Japanese manga series

Musashi #9 (9番目のムサシ, Kyūbanme no Musashi) is a Japanese manga series by Miyuki Takahashi about a secret agent working for a mysterious world organization known only as "Ultimate Blue". #9 is their one of their top agents, a 16-year-old girl who goes by the code name "Musashi #9". Her aliases include Shinozuka Kou and Shinosaki Kei. The series starts as a collection of unconnected stories which feature #9 but focus mainly on the more ordinary people she comes into contact with in the course of saving the world. Gradually, a thread is woven between these one-shot stories, in which Kou strikes up a relationship with the solitary and depressive Shingo Tachibana. Their lives become irrevocably intertwined in spite of her fairly drastic efforts (for his sake) to leave him behind. The series is relatively graphic with clear depictions of Musashi's activities, such as fighting and killing off bad guys.

==Plot==
At the 2nd book Kou's new mission is to protect Shingo Tachibana. Shingo's best friend was a photographer and accidentally took a picture of a sniper shooting someone from the top of a building. His best friend was murdered, but never revealed where the picture was hidden. Lonton (the sniper working for the Chinese Triads who'd killed Shingo's best friend) is now after Shingo, thinking he knows where the picture is located. In the end Shingo and Kou take out Lonton and he is sent to prison.
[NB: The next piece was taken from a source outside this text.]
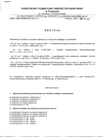PANSTWOWYPOWIATOWY INSPEKTOR SANITARNY w Cieszynie ul. Liburnia 2, 43-400 Cieszyn 4797010; fax. 1033/4797173; e-mail:[email protected] tel. 1033/4794080-81, Znak: ONS-HDiM/4321740/1/13 Cieszyn, - art. 27 ust. 1 ustawy z dnia 14 marca 1985 r. U z 2011,. Nr 212 poz. 1263z pMn. zm. ), art. 104 ustawy z dnia 0 14.06.1960 dnia 2013 -H-10 Panstwowej Inspekcji Sanitarnej (tekst jednolity Oz. r. Kodeks post~powania administracyjnego (Dz. U. z 2013 r. paz. 267.), - art. 22 ust 1 Ustawy z dnia 5 grudnia 2008 r. 0 zapobieganiu oraz zwalczaniu zakazen i chor6b zakaznych u ludzi (Oz. U. z 2008 r. Nr 234 poz. 15.70 z p6zn. zm.), - § 2 ; § 8 ust. 2 Rozporzqdzenia Ministra Edukacji Narodowej i Sportu z dnia 31 grudnia 2002 r. w sprawie bezpieczenstwa i higieny w publicznych i niepublicznych szkofach i plac6wkach (Oz. U. nr 6 z 2003r. poz.69 z p6zn. zm.) Po rozpatrzeniu protokofu kontroli sanitarnej nr 248/1204/0NS/HOiM/13 przeprowadzonej w Zespole Szk6f nr 1 w Skoczowie, ul. Morcinka 20 a) b) c) d) e) dziewczqt na parterze w segmencie C chfopcow na parterze w segmencie C chfopcow na parterze segment B chfopcow na I pi~trze segment B pomieszczenia nr 199 a) b) c) d) e) f) g) sanitariatach chfopcow na parterze segment B sanitariatach chfopcow na I pi~trze segment B sanitariatach chfopcow na parterze segment C pomieszczeniu nr 199 - szatni pomieszczeniu nr 196 - szatni pomieszczeniu nr 191 - natryski pomieszczeniu nr 188 - szatnia z dnia 28.08.2013r. a) b) c) d) e) f) g) pomieszczeniu nr 199 - we pomieszczeniu nr 199 - natryski pomieszczeniu nr 196 - we pomieszczeniu nr 196 - natryski pomieszczeniu nr 191 - natryski sanitariatach dla dziewczqt na parterze segment B sanitariatach dla dziewczqt na II piE;ltrzesegment B a) b) c) d) e) f) dla dziewczqt na I piE;ltrzesegment B dla dziewczqt na II piE;ltrzesegment B dla chtopc6w na II piE;ltrzesegment B dla dZiewczqt na parterze segment pomieszczenia nr 191 pomieszczenia nr 188 e a) pomieszczeniu b) pomieszczeniu a) b) c) d) 7. nr 191 nr 188 pomieszczeniu nr 191 - szatnia pomieszczeniu nr 196 - natryski pomieszczeniu sanitariat6w dla dziewczqt na II piE;ltrzesegment B pomieszczeniu sanitariat6w na II piE;ltrzesegment F Zapewnic prawidfowy stan techniczny, (bez ubytk6w farby, zniszczonych scianek dziafowych kabin ubikacyjnych w: i ruchomych e!ement6w) a) sanitariatach na II piE;ltrzesegment F b) sanitariatach dla dziewczqt na I piE;ltrzesegment B a) pomieszczeniu nr 196 - natryski b) pomieszczeniu nr 198 - natryski c) pomieszczeniu nr 199 - natryski 9. Zapewnic prawidfowy stan techniczny (bez zardzewien) grzejnik6w centralnego ogrzewania oraz rurwodnych w pomieszczeniu natrysk6wnr 199. Wymienione Punkty 1a, Punkty 1c, Punkty 1e; obowiqzki nalezy wykonac w terminie: b; 2c; 4d; Gd; 7a - do dnia 1 wrzesnia 2014r. d; 2a, b; 3f, g; 4a, b, c; Gc; 7b - do dnia 1 wrzesnia 2015r. 2d, e, f, g; 3a, b, c, d, e; 4e, f; 5a, b; Ga, b; Sa, b, c; 9 - do dnia 1 wrzesnia Do wykonania niniejszej decyzji zobowiqzana jest strena: Zesp6t Szk6t Nr 1, ul. Morcinka 20, 43-430 Skocz6w 201Gr. Przeprowadzona w dniu 28.08.2013r. kontrola sanitarna w Zespole Szk6f Nr 1 w Skoczowie, ul. Morcinka 20 wykazafa: a) pomieszczenie I - (nr 199) - szatnia: sciany z ubytkami farby, - WC (1 oczko + 1 umywalka): wyposazenie wyeksploatowane, ubytki w kafelkach podfogowych, - natryski (3 kabiny) - wyeksploatowane wyposazenie, z oznakami znacznego zuzycia, ubytki kafelek sciennych i podfogowych, skorodowane elementy grzejnika centralnego ogrzewania oraz rur, zardzewiafa, trudna w utrzymaniu czystosci g6rna cz~sc kratki sciekowej, b) pomieszczenie II - (nr 196) - szatnia: sciany bardzo brudne, z ubytkami farby oraz tynku (w cz~sci lamperii) - WC (1 oczko + 1 umywalka): wyposazenie wyeksploatowane, trudne w utrzymaniu czystosci, - natryski: wyposazenie wyeksploatowane, z oznakami znacznego zuzycia, drzwi wejsciowe do natrysk6w zniszczone z oznakami wielokrotnych napraw, obecnie z ubytkami w pfycie zewn~trznej, zardzewiafa, trudna w utrzymaniu czystosci g6rna cz~sc kratki sciekowej, c) pomieszczenie III - (nr 191) - szatnia: stolarka drzwiowa zniszczona, z ubytkami farby, - WC nieczynne zamkni~te - wg oswiadczenia osoby odpowiedzialnej powodem zamkni~cia jest niedrozna kanalizacja, - natryski - starego typu Uedno pomieszczenie, bez rozdziafu na kabiny), rury na ciepfq i zimnq wod~ oraz sitka prysznicowe wyeksploatowane, skorodowane. Cz~sc natrysk6w nieczynnych. Podfoga i sciany pokryte kafelkami 0 znacznym stopniu zuzycia, ze zdartq chropowata powfokq, liczne ubytki w -kafelkactlsciennych i podfogowych. Pr6g przy wejsciu do pomieszczenia wykonanyz rnateriafu nasiqkliwego trudnego w utrzymaniu czystosci (betonowy). d) pomieszczenie IV - (nr188) - szatnia: sciany brudne z odpadajqcymi pfatami farby, - WC: nieczynne zamkni~te - wg oswiadczenia osoby odpowiedzialnej powodem zamkni~cia jest niedrozna kanalizacja, - natryski: starego typu nieczynne - zdemontowane sitka i zaslepione wylewki, posadzki chropowate, wyeksploatowane, trudne w utrzymaniu czystosci, kratka sciekowa - zardzewiafa g6rna cz~sc kratki sciekowej. a) parter: - sanitariaty dla chfopc6w- sciany i podfogi z odpadajqcymi kafelkami, z Iicznymi ubytkami, - sanitariaty dla dziewczqt - wyeksploatowane spfuczki, metalowe elementy (rury, odpfywy) ze sladami rdzy, wyposazenie zniszczone z p~kni~ciami, b) I pi~tro: - sanitariaty dla dziewczqt - ruchome drewniane scianki dziafowe kabin ubikacyjnych, na 3 kabiny ubikacyjne czynne tylko 2 (1 nieczynna), - sanitariaty dla chfopc6w - ubytki w kafelkach podfogowych, sciany z ubytkami farby - trudne w utrzymaniu czystosci, c) II pi~tro: - sanitariaty dziewczqt - armatura wyeksploatowana, na 3 kabiny ubikacyjne czynne tylko 2 (1 nieczynna, zamkni~ta), stolarka drzwiowa zniszczona, z ubytkami, powierzchnia trudna w utrzymaniu czystosci - odpadajqca farba. Wyczuwalny intensywny zapach kanalizacyjny, - sanitariaty dla chtopc6w - zamkni~te, nieczynne cate pomieszczenie z 1 kabinq ubikacyjnq, pisuarem i umywalkq. Wg osw

Kou stays with Shingo for the next few books, and not soon after Shingo begins to fall in love with Kou. Kou tries to remain emotionless and focus on the mission at hand, to protect Shingo), but she too is falling for him. Shingo goes through a lot trying to tell Kou he loves her; the first time her told her was when a car had just hit him and he was dazed. She heard him, but instead pretended that it was her double and that in his daze he couldn't recognize the difference between 19 (her male double) and her. She pretend she never heard, and Shingo remains quiet about it, thinking of a better way to tell her.

==Arc - Mission 5==
===Mission Summary===

At this point in time, there is a large ship dressed up as an ordinary cargo ship within the middle of Tokyo Bay. At the top of this hidden ship are four large tomahawk missiles which are pointed at Greater Tokyo. The FF armed terrorist organization is behind this whole issue. If the FF leaders are given back to this organization—in which they are currently captured—the terrorist organization will not need to launch its missiles to destroy the greater portion of Tokyo. Such an action is forced because the FF terrorists are also equipped with hostages; if the CIA refuses to move, the missiles will automatically be fired and many shall be killed. Thus, the organization needs its members released within the time span of 24 hours. Due to the severity of this issue, the Prime Minister has assigned for Musashi to effectively stop this scheme as a member of Ultimate Blue—the most secret of organizations.

===Musashi's Arrival===

When Musashi finally arrives after the time span of four hours, she assumes the role of a random kid who supposedly heard from her friend to meet her at the school—the main area in which the terrorists are keeping the 24 children hostage and Musashi. Upon arrival Musashi is assumed to be a girl, and is placed in an alternate room away from the others.

===Conclusion===

After Musashi was effectively taken away and all of the hostages were set in a single group, the leader of the terrorists effectively saw through the false cover of a secret agent who had posed as a captured coach. After the leader then ordered the death of this undercover agent as to avoid a sudden unwanted conclusion, they set fire to their weapons to destroy this nuisance. Suddenly, these blows would be effectively evaded and Musashi would show her true self—a feared member of Ultimate Blue. By secretly replacing the terrorist's weapons with fakes, Musashi gains the upper hand and wins. The terrorist leader, however, presses the command button to release the set missiles atop their ship. To the immense surprise of the leader and everyone around Musashi, the ship is destroyed by an Ultimate Blue space satellite as it releases its destructive beam when the missiles are activated. Thus, the leader's plan was brought to its true conclusion and Ultimate Blue elaborated its hidden prowess once again.

==Sequels==
Following the end of the original manga, several sequel serializations have been released. The sequels are as follows:
- Musashi #9: Mission Blue (9番目のムサシ ミッション・ブルー) from 2007 to 2010.
- Musashi #9: Red Scramble (9番目のムサシ レッドスクランブル) from 2010 to 2014.
- Musashi #9: Silent Black (9番目のムサシ サイレント ブラック) from 2015 to 2019.
- Musashi #9: Ghost & Gray (9番目のムサシ ゴースト アンド グレイ) from 2020 to present.